- Origin: Bluefield, West Virginia, United States
- Genres: bluegrass
- Years active: 1938–1966
- Past members: Ezra Cline, Charlie Cline, Curly Ray Cline, Larry Richardson, Bobby Osborne, Paul Williams, Jimmy Martin, Ray Morgan

= Lonesome Pine Fiddlers =

American bluegrass band

The Lonesome Pine Fiddlers (1938–1966) were an early bluegrass band. Throughout their formations, they included notable "first generation" bluegrass musicians such as Ezra Cline, Bobby Osborne, Paul Williams, Melvin Goins, Charlie Cline, Curly Ray Cline, and Larry Richardson. The Lonesome Pine Fiddlers were inducted into the International Bluegrass Music Association Hall of Fame in 2009.

==Career==

The group was started by Ezra Cline and his cousins Ireland "Lazy Ned" Cline and Ray "Curly Ray" Cline. The group was originally named "Cousin Ezra and the Lonesome Pine Fiddlers". Ezra played the bass, Ireland the banjo, and Ray the fiddle. After Ireland was killed on D-Day, his other brother Charlie took his place in the band. The Clines came from a large and musically talented family. Ray and Charlie's father, Charlie, was a banjo player while the women in the family, Geraldine and Bobbi, were singers. For reasons unknown, Bobbi and Geraldine never joined the band on the road but often joined in at home, especially when notable Country singers, such as Bill Monroe, Lester Flatt and Earl Scruggs, and Hank Williams, came visiting. Natives of the Gilbert Creek region of southern West Virginia, the original Lonesome Pine Fiddlers worked on radio at WHIS Bluefield, West Virginia.

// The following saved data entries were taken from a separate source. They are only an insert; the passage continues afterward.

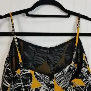Olive + Oak Mustard Yellow Black Leaf Print Cutout Romper Large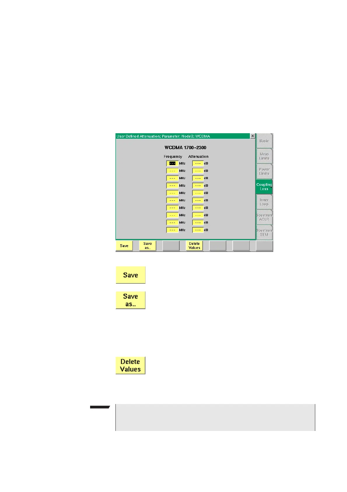 This procedure allows you to enter coupling loss values and frequencies in a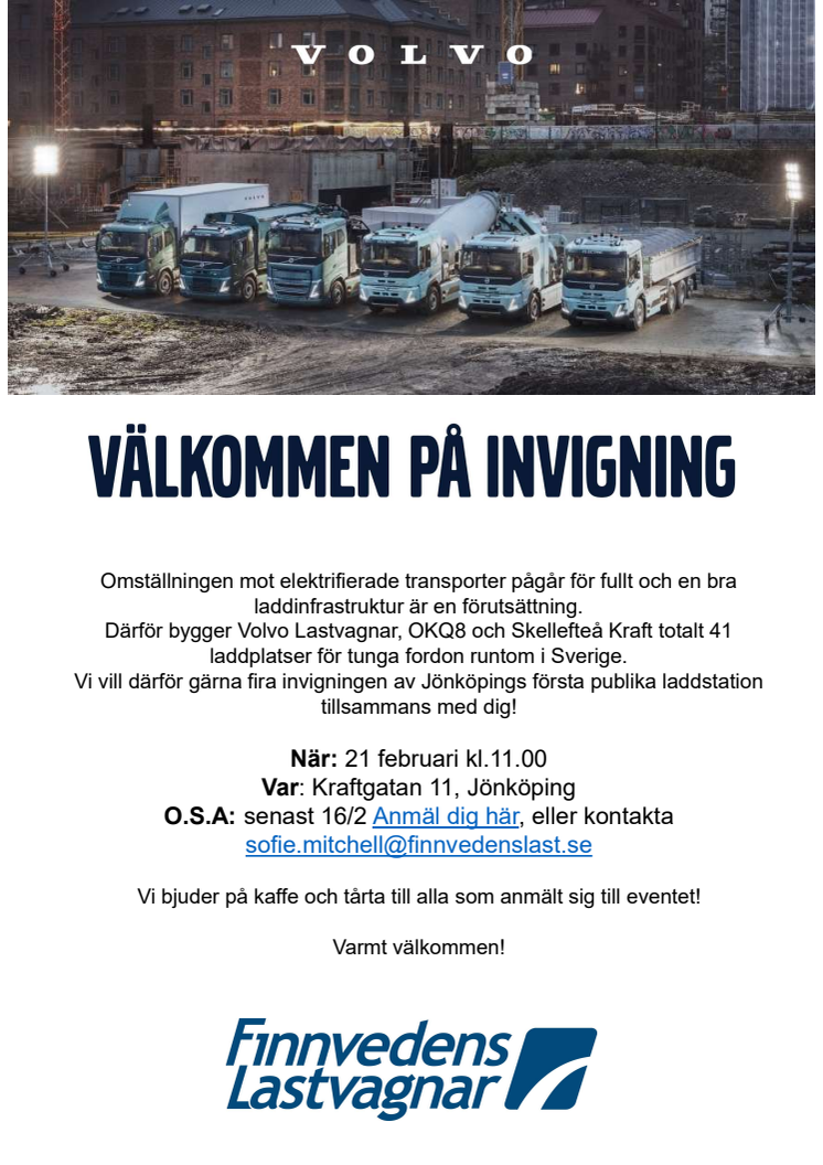 Omställningen mot elektrifierade transporter pågår för fullt och en bra laddinfrastruktur är en förutsättning. Därför bygger Volvo Lastvagnar, OKQ8 och Skellefteå Kraft totalt 41 laddplatser för tunga fordon runtom i Sverige.Vi vill därför gärna fira invigningen av Jönköpings första publika laddstation tillsammans med dig!
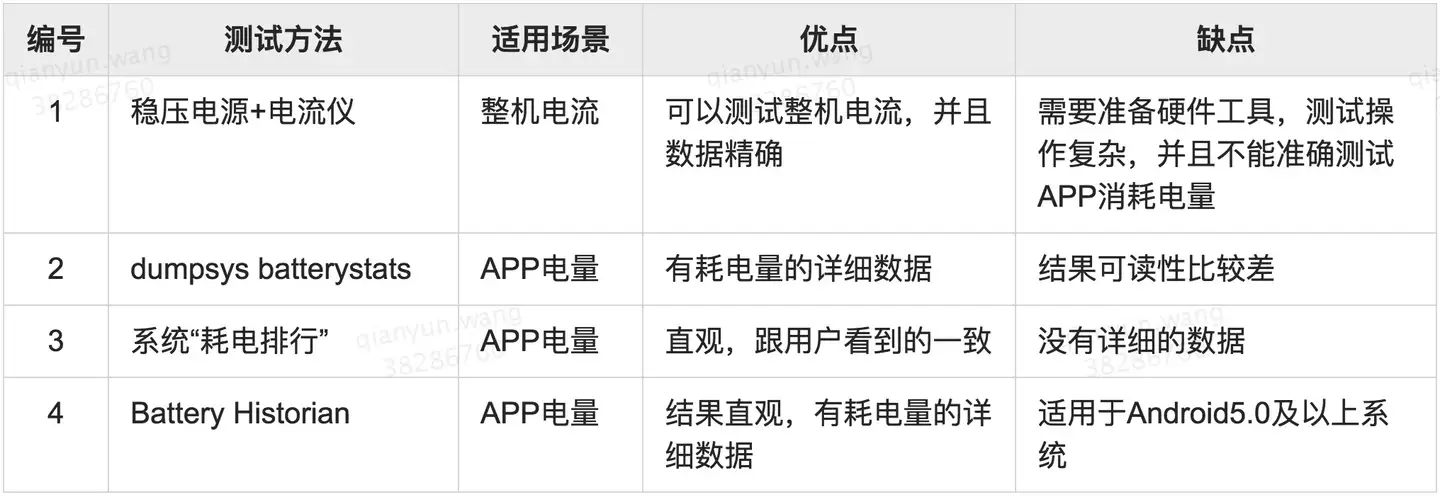 了解原理对于平常在App耗电量的测试有很大的帮助。因为获取到手机power_profile.xml文件,就可以清楚的知道这个手机上,哪些模块会耗电,以及哪些模块在什么状态下耗电量最高。那么测试的时候,应该重点关注调用了这些模块的地方。比如App在哪些地方使用WiFi、蓝牙、GPS等等。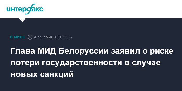 Глава МИД Белоруссии заявил о риске потери государственности в случае новых санкций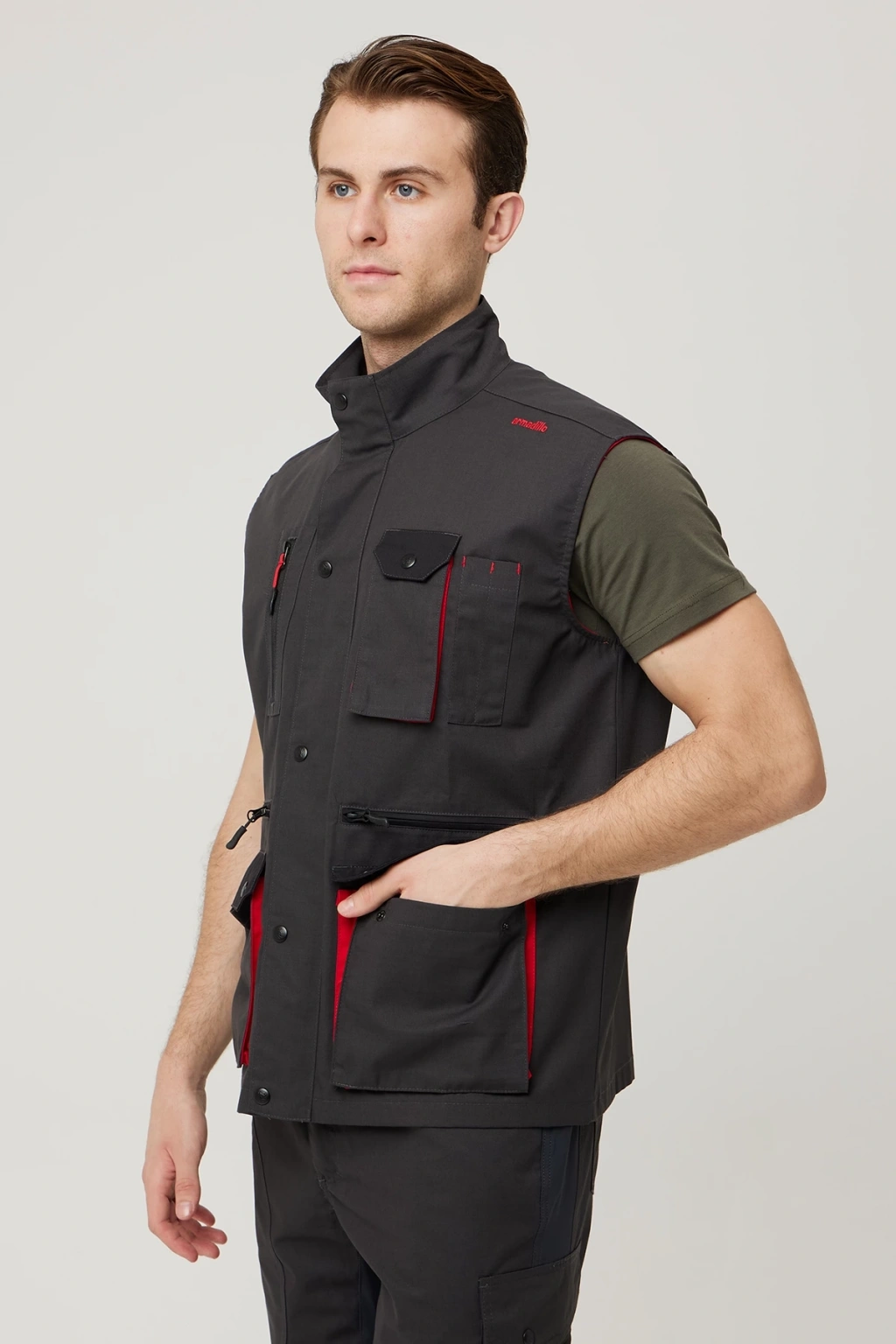 Armadillo Galium Yelek - UKE014-104.001.RIPSTOP Bu çok cepli iş yeleği, zorlu iş koşulları için özel olarak tasarlanmış Ripstop kumaşı ile ekstra dayanıklılık sağlar. Yırtılmalara ve aşınmalara karşı dirençli yapısı sayesinde uzun ömürlü kullanım sunar. Fermuarlı ve düğmeli çoklu cepler, aletler ve kişisel eşyalar için geniş ve güvenli saklama alanları sağlar. Yüksek yakalı tasarımı, soğuk hava koşullarında koruma sağlarken, modern ve profesyonel görünümü ile iş sahasında şıklığı bir araya getirir. Ürün Avantajları

In 1949 the additions of vocalist Bobby Osborne and banjoist Larry Richardson made the Fiddlers into a bluegrass band. The group was first recorded in 1950, releasing a double-sided, shellac disk with the tracks "Don't Forget Me" and "Will I Meet Mother in Heaven" under label Cozy Records. At this time the band consisted of Ezra Cline, Larry Richardson, Ray Morgan, and Bobby Osborne. Throughout the remainder of their career, the Lonesome Pine Fiddlers would record 4 albums under Starday Records and many EPs under RCA Victor, Starday, and others.

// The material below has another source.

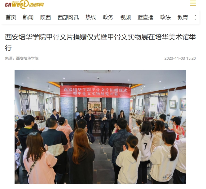 10月27日,西安培华学院甲骨文片捐赠仪式暨甲骨文实物展在培华美术馆举行,民间收藏者、陕西省安康市汉阴县科协原秘书长王忠义携夫人陈昭茹,西安培华学院理事长姜波,校长助理秦海锋,人文与国际教育学院常务副院长梁蕊及师生代表参加了仪式。活动由党委宣传部部长、校友服务与发展中心主任柳雨主持。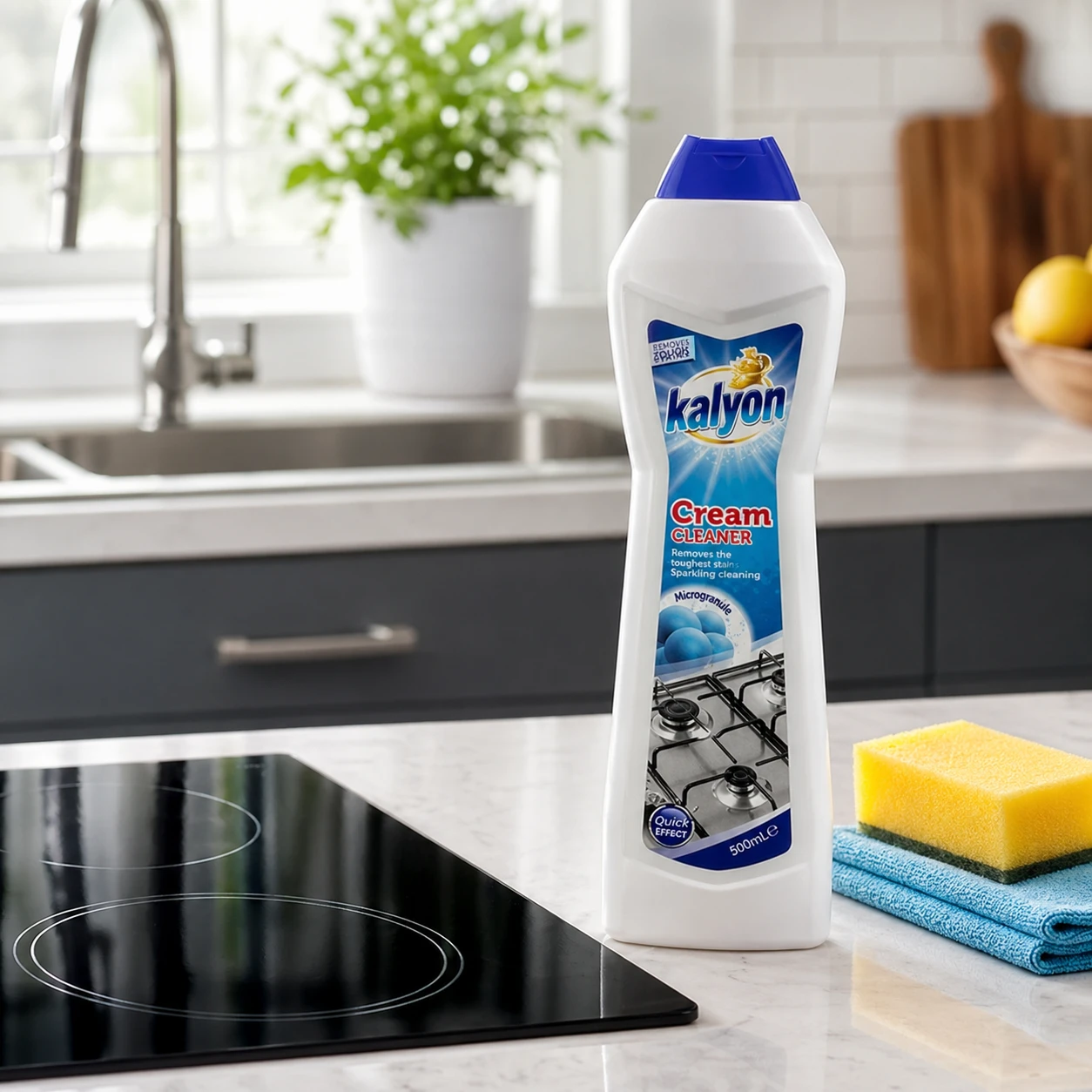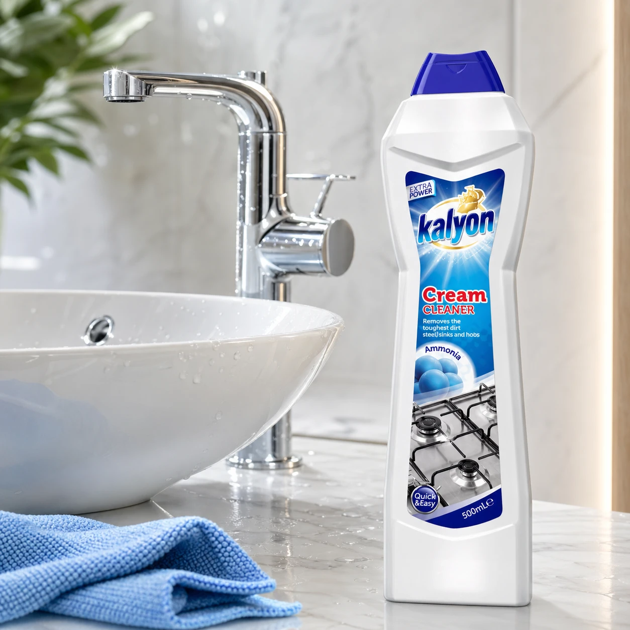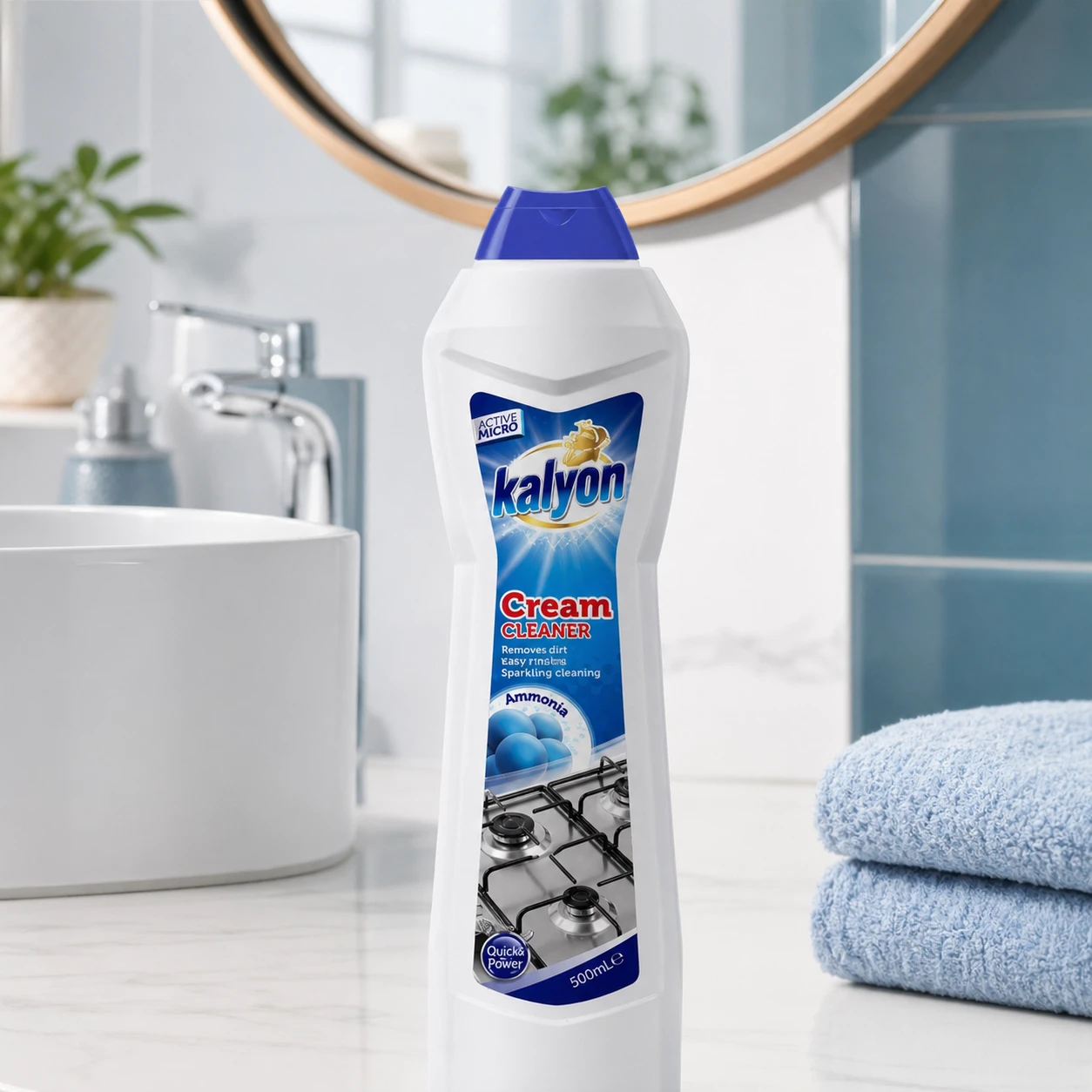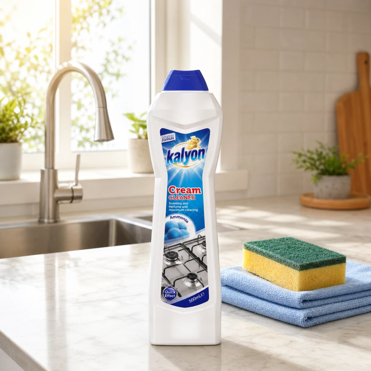 Kalyon mleczko do czyszczenia 500 ml Ammonia to uniwersalny preparat do kuchni i łazienki. Pomaga usuwać osady i zabrudzenia, wspiera efekt połysku bez smug oraz neutralizuje nieprzyjemne zapachy.

When the Lonesome Pine Fiddlers resumed regular daily broadcasts, Charlie, who played multiple instruments, joined them on a regular basis. Charlie returned to the Fiddlers briefly before becoming a member of Bill Monroe's Blue Grass Boys. During 1952–1955, Charlie worked off and on with Monroe, recording some 38 songs, all on Decca. It has been said that he played every instrument at one time or another in the Monroe group except mandolin. Charlie spent most of 1953 back with the Lonesome Pine Fiddlers working at WJR radio in Detroit. When Ezra brought the band to Pikeville, Kentucky, in November, Charlie rejoined Bill Monroe. In 1954, Charlie played lead guitar on a session with the Stanley Brothers and one on RCA with the Fiddlers, even though he was not otherwise working with them at the time. He also worked briefly as a sideman with the Osborne Brothers. By 1958, Charlie (electric lead guitar) and his wife, Lee (electric bass), had rejoined Ezra and Curly Ray in the Lonesome Pine Fiddlers, who were experimenting with a more modern sound and working a TV show in Huntington, West Virginia, in addition to daily radio in Pikeville.

On October 1, 2009, the Lonesome Pine Fiddlers were inducted into the International Bluegrass Hall of Fame. Bobby Osborne, Melvin Goins, and Paul Williams received the band's award during a ceremony at the Ryman Auditorium (the original home of the Grand Ole Opry). A performance of The Lonesome Pine Fiddlers' tune "Pain In My Heart" by Osborne, Goins, and Williams was included in the closing act of the awards ceremony.

==Bibliography==

- Rosenberg, Neil V. Bluegrass: A History. University of Illinois Press. 1985.
- Wright, John. Travelling the High Way Home: Ralph Stanley and the World of Traditional Bluegrass Music. University of Illinois Press. 1993.